The reason a jpeg is copyright infringement has more to do with its express purpose being to allow the user to view that copyrighted work. If it were bundled in a program that just allowed you to view the color histogram of famous works (and the author had the right to view those photos and didn't think it important to save bandwidth by precomputing those histograms) it likely wouldn't be infringement. If it were found out that people were downloading that program just to rip the bundled images out then the author might get in hot water anyway. Your distributed file example is similarly probably infringing.

The model has other capabilities, and I think it would be hard to argue that its purpose is copyright infringement (which is separate from what you seem to be doing, which is arguing that the model itself is infringement -- both a little easier and harder to argue because it pushes more on philosophical distinctions than statements of fact about how people are using a thing).

Separately, there are new classes of concerns these models introduce. We don't have to abuse copyright law to take the time to consider those effects. E.g., should voice cloning be allowed and to what degree? It's already illegal in a lot of contexts (fraud, ...), but we don't currently have many rights when it comes to our innate physical characteristics.

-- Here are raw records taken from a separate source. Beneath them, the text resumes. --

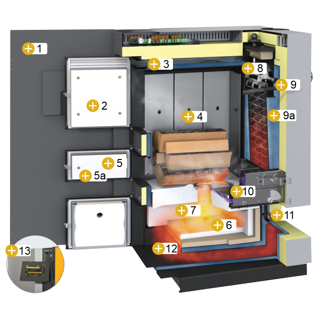 Die beiden Kessel des ETA TWIN arbeiten perfekt zusammen. Geht dem Scheitholzkessel der Brennstoff aus, meldet er das. Wird über eine frei wählbare Zeitspanne nicht nachgelegt, nimmt automatisch der Pelletskessel die Arbeit auf - und zwar so lange, bis Sie im Scheitholzkessel wieder nachlegen. So bleibt Ihr Zuhause auch dann warm, wenn Sie mal länger nicht da sind.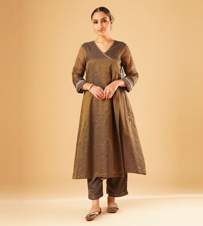 Women Brown Hand Embroidered Loose Fit Kurta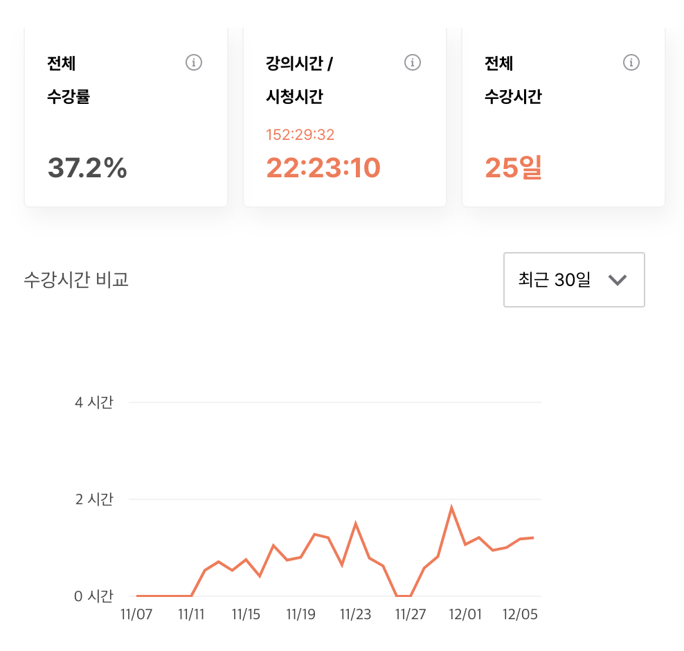 학습통계에 뭔가 오류가 있는데 11/26~11/27에 강의를 들었고 인증샷에도 강의 진행률이 올라간게 찍혔는데 수강시간이 0으로 찍혔다. 그래서 문의넣음ㅠㅠ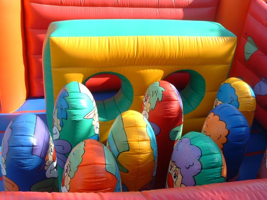 The Clown Multiplay is an open air bouncy castle. This unit is fitted with climb through obstacles and a section of 9, 3ft biff and bashes, painted as cartoon clowns. The castle is 17ft wide & 17ft in length and is good for children up to the ages of 12 years. This castle doesn't come with a shower cover, but is supplied with safety mats at the front.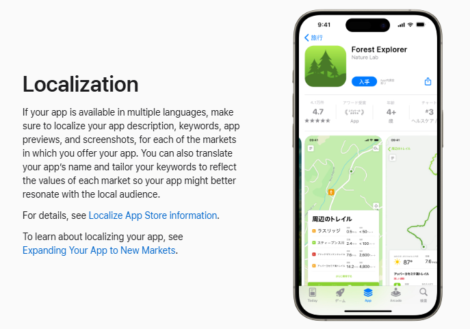 あなたのアプリのターゲットユーザーがさまざまな国や言語圏にまたがっている場合、ローカライズは世界中のユーザーのアクティブ化率を向上させるための重要な戦略の一つです。ローカライズとは、アプリストアのメタデータを翻訳するだけではなく、各地域のユーザーの文化的背景や言語習慣に応じた的確な最適化を行うことを指し、それによりアプリが各地のユーザーにとってより魅力的で親しみやすいものになります。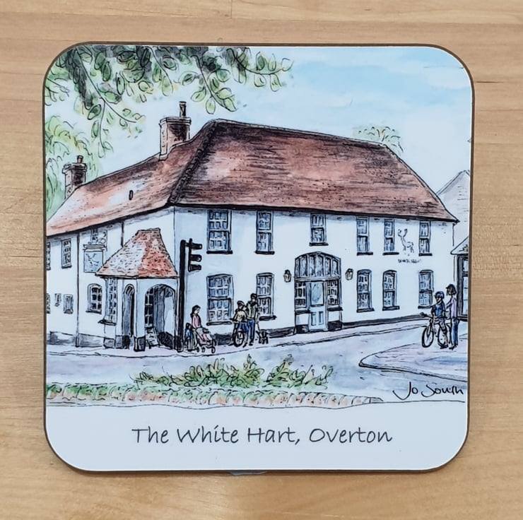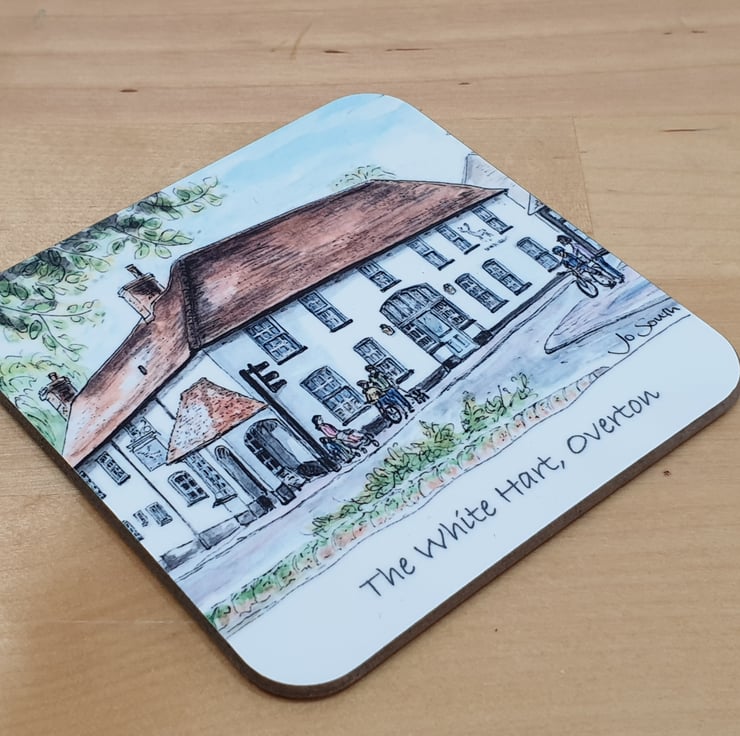 A 90mm square coaster featuring Jo's watercolour painting of The White Hart Pub

To the extent those rights exist, you often have to waive them for basic services (e.g., a nontrivial fraction of leases and jobs stipulate that you give a permanent, <much other legal jargon>, license for them to use your image for nearly any purpose, including falsely characterizing your approval of the property in advertisements and marketing materials -- unless covered under libel/slander and a couple other carveouts they're probably not punishable). Can studios just refuse to hire voice actors for more than one session? Is that good for society? Can I clone passers-by on the street to play in my commercial? These are new enough capabilities (at least at their current scale) that they're not very well legislated, and I wouldn't be surprised if we saw an expansion of something like "moral rights" to cover them.